JAKARTA (TEROPONGSENAYAN)- Pemerintah akhirnya menerbitkan SKB (Surat Keputusan Bersama) tentang UU ITE.
Surat tersebut ditandatangani oleh Menteri Kominfo Johnny G Plate, Jaksa Agung ST Burhanuddin, dan Kapolri Jenderal Pol Listyo Sigit Prabowo di Kementerian Koordinator Bidang Politik, Hukum, dan Keamanan (Kemenko Polhukam).
Anggota Komisi I DPR RI, Sukamta mengatakan, meski sudah ada SKB tentang UU ITE, pihaknya akan tetap concern melihat implementasi terkait penegakan hukum dalam prakteknya.
"Kami mengapresiasi langkah pemerintah untuk membenahi penegakan hukum dari UU ITE, hingga terbitnya SKB. Tapi, ada 2 hal yang kami soroti dengan terbitnya SKB, yaitu soal substansi hukum dan penegakan hukum," ujar Politikus PKS itu dalam keterangan tertulis, Sabtu (26/06/2021).
"Pertama, dari segi substansi, bagaimana nasib revisi UU ITE? Sementara hulu persoalan ada di level undang-undang. Adanya SKB ini jangan dijadikan alasan bagi pemerintah untuk tidak merevisi UU ITE," sambungnya.
Wakil Ketua Fraksi PKS ini juga mempertanyakan kedudukan SKB tersebut dalam hukum positif kita.
"Memang pemerintah punya diskresi, tapi apakah berlaku untuk kasus yang sudah ada aturan perundang-undangannya?

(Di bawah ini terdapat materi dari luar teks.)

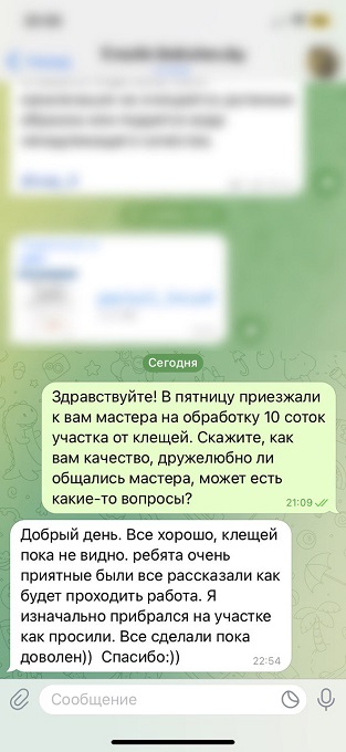 На следующий день, специалист контроля качества сделает звонок с целью убедиться в качестве проведенной обработки. В случае, если по истечению 14 дней проблема не решена мы делаем повторную вторую и третью обработку до полного исчезновения насекомых.
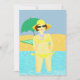 Une fille en bikini pois jaune sirotant un verre pendant les vacances à la plage
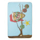 Niedliche braune Eule trägt eine Weihnachtsmannmütze sitzt auf einem Baum Zweig hat einige Weihnachtsschmuck verlegt.
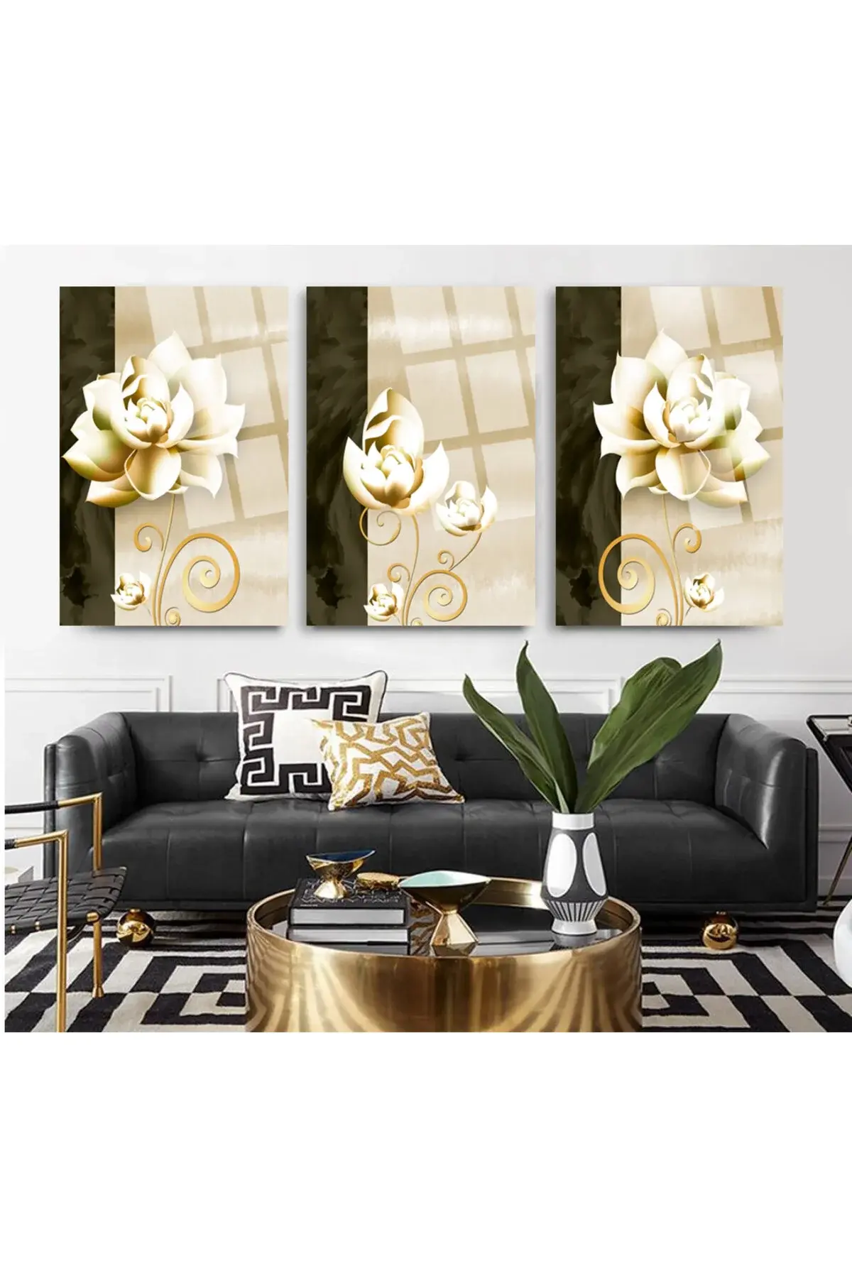 3 LÜ SET TABLO ÇİÇEK HARİKA RENK UYUMU KIRILMAZ LÜKS CAM TABLO EV HEDİYESİ Krem
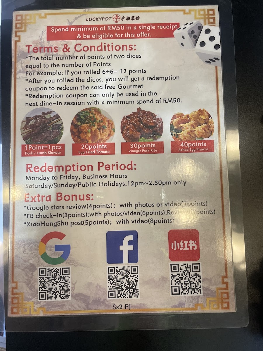 Luckypot SS2 Restaurant 八打灵幸湘菜馆 | Restoran Luckypot SS2 Menu
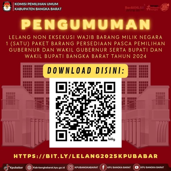 Komisi Pemilihan Umun (KPU) Kabupaten Bangka Barat membuka lelang non eksekusi wajib barang milik negara 1 (satu) paket barang persediaan pasca Pemilihan Gubernur dan Wakil Gubernur serta Bupati dan Wakil Bupati Bangka Barat Tahun 2024.
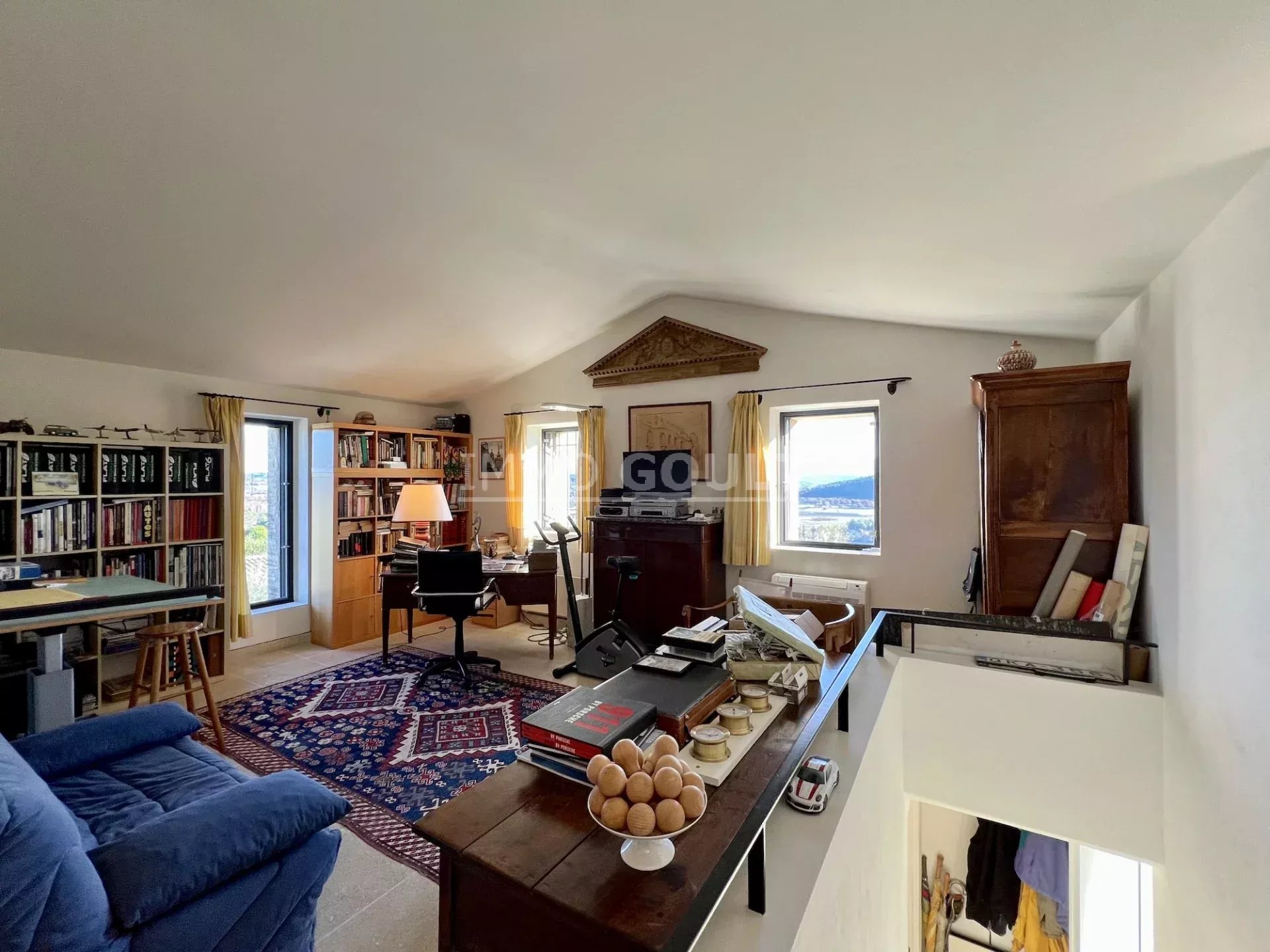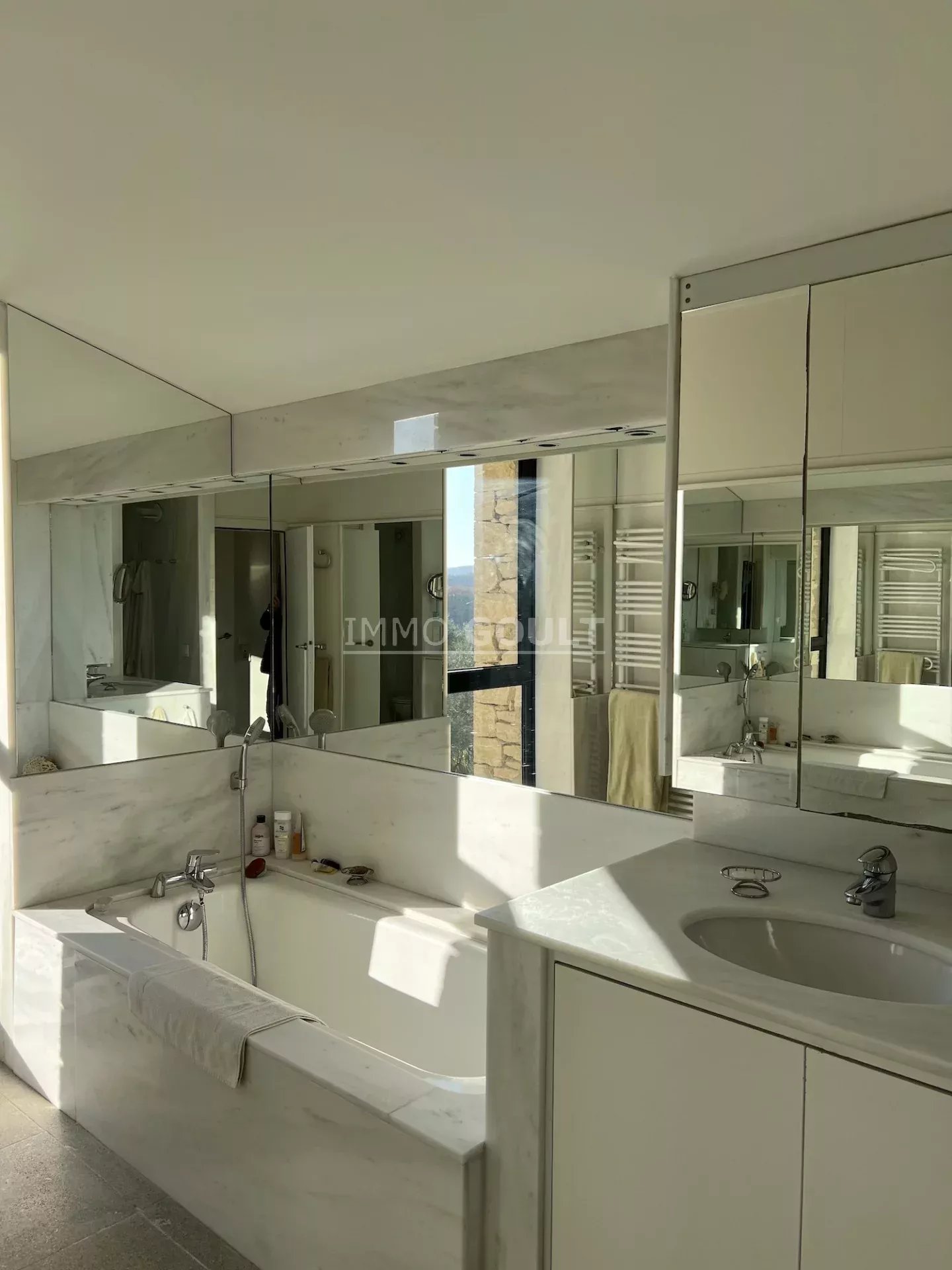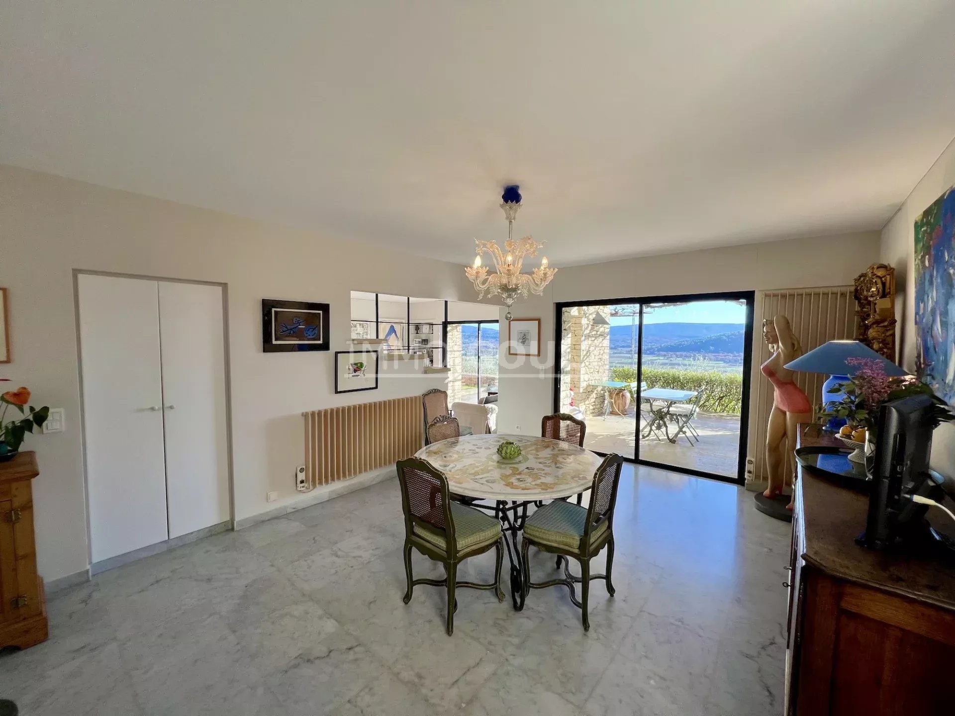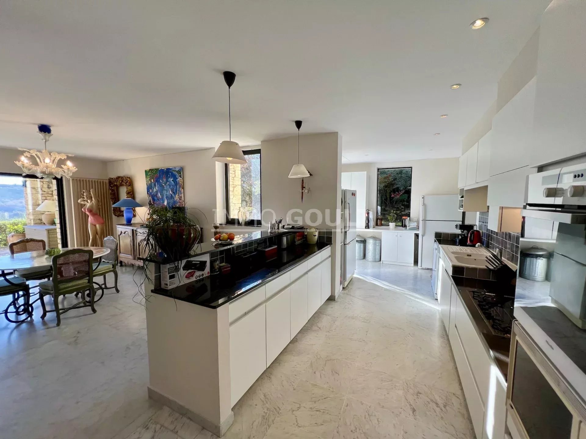 L'agence Immo Goult vous propose à la vente à l’orée du village de Gordes, bénéficiant de magnifiques vue sur le Luberon et ses villages, très belle propriété d’une surface habitable de 334m2 environ plus dépendances de 200m2 environ. Le parc de 5755m2 est planté d’essences provençales notamment d’une oliveraie (130 pieds), de fruitiers. De nombreuses terrasses, une piscine miroir de 12m x 6m avec son pool-house parfaitement équipée (cuisine, cheminée) agrémentent la propriété. Particulièrement lumineuse, de style contemporain, c’est une propriété très confortable aux prestations raffinées.

Tidak ada bridging dari UU ITE dengan pembuatan SKB UU ITE ini, karena UU ITE tidak mengamanatkannya," jelas dia.
Oleh karena itu, Sukamta menegaskan revisi UU ITE tetap wajib dilakukan. Baik dengan memperjelas delik yang ada dengan menambah pasal di UU ITE maupun mengharmoniskannya dengan ketentuan delik dalam Rancangan revisi KUHP.
"Supaya tidak ada lagi penafsiran yang berbeda-beda untuk diterapkan kepada obyek hukum yang berbeda atau yang sering disebut pasal karet," ujarnya.
Kedua, Sukamta juga menyoroti aspek penegakan hukumnya, seperti akumulasi (gabungan) pidana yang dilakukan pada kasus tertentu di lapangan. Soal gabungan pidana ini terdapat 3 pandangan, yaitu Concursus idealis (gabungan satu perbuatan), Voortgezette handelling (perbuatan berkelanjutan) dan Concursus realis (gabungan beberapa perbuatan).
Soal Concursus idealis, KUHP pasal 63 mengatur bahwa sanksi yang diberikan kepada seseorang adalah yang paling memenuhi prinsip lex specialis.
"Prinsip hukumnya, satu tindak pidana hanya dapat dihukum dengan satu sanksi, tidak bisa akumulatif. Jika terdapat beberapa peraturan yang mengatur sanksi untuk satu tindak pidana, maka yang berlaku adalah peraturan yang paling khusus atau spesialis. Akumulasi pidana hanya berlaku dalam tindak kejahatan berlanjut (satu perbuatan diikuti / mengakibatkan perbuatan lainnya) dan gabungan perbuatan kejahatan (berlapis)."
Sukamta menyoroti dalam hal ini batasan dan itikad penegak hukum dalam menentukan suatu perbuatan merupakan akibat ikutan (lanjutan) dari suatu perbuatan lainnya.
Sukamta juga menekankan, penegak hukum harus bisa membuktikan hal tersebut dengan cermat, tidak bisa gegabah. Misalnya, suatu perbuatan menyebarkan hoaks, tidak serta merta mengakibatkan suatu perbuatan membuat keonaran dengan sengaja. Di sini penegak hukum harus berpijak pada ultimum remedium dan restorative justice, yang spiritnya tidak mudah untuk menjatuhkan hukuman, bahwa hukuman adalah jalan terakhir.
"Ke depannya kita berharap jagat maya terpelihara baik dengan penegakan hukum yang tegak lurus demi hukum, bukan demi kepentingan, baik kepentingan politik maupun material," harap wakil rakyat dari Daerah Istimewa Yogyakarta ini.